Attorneys for DeSantis contended that these anti-gerrymandering standards no longer needed to be followed because the state Supreme Court last year ruled that the minority voter protections that were also part of the same amendment did not need to be strictly followed. They said the amendment was a “package” that could not be broken apart.
Gaetz said he did not agree with that legal theory, although Persons-Mulicka a day earlier called the argument “persuasive.”
But Gaetz and other Republicans asserted that the last-minute Louisiana ruling bolstered the legal status of the map. State Rep.
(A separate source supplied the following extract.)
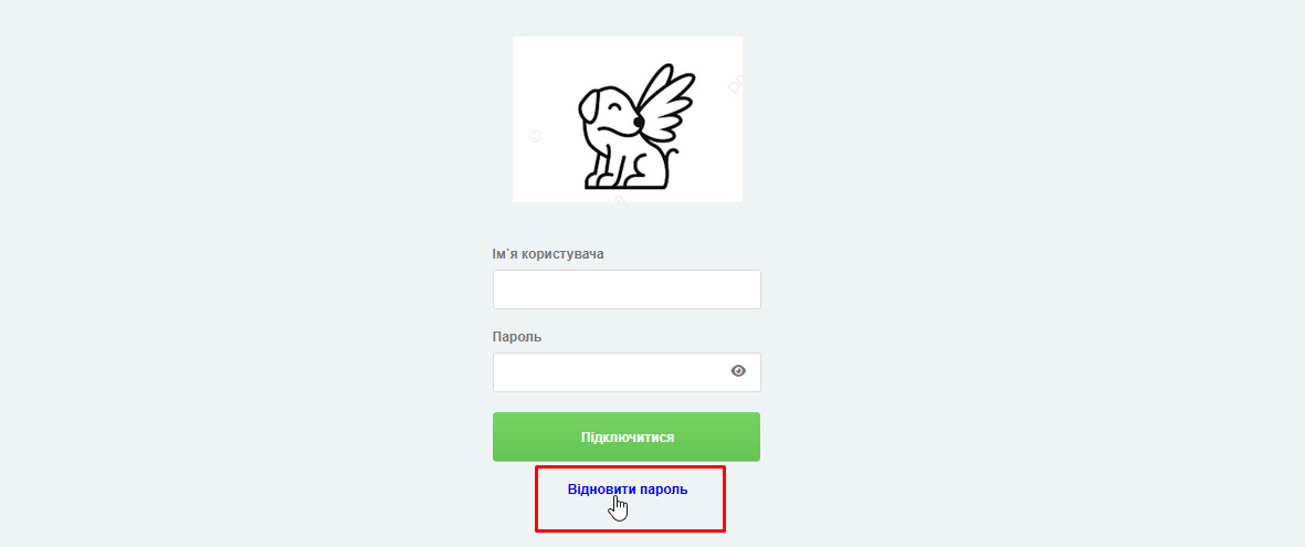 - На головній сторінці входу до вашої бази натисніть «Відновити пароль». Введіть пошту, яку вказували у профілі користувача в системі (скоріш за все ваша особиста пошта)

Alex Andrade, a Pensacola Republican, said the decision gave him a “ton of comfort” in voting yes on the map.
“With the court decision and the map that we passed today, I can confidently reassure everyone that your vote now matters just as much as your neighbors,” said Andrade.
The legal fight over the new maps could come as soon as DeSantis signs the measure into law, with several Democratic-aligned groups promising lawsuits.
“If they think they can get away with trampling over the will of the voters and ignoring the state constitution’s ban on partisan gerrymandering, they are sorely mistaken,” said John Bisognano, president of the National Democratic Redistricting Committee. “This fight is not over, and Florida Republicans can expect fierce legal challenges against this new gerrymander.”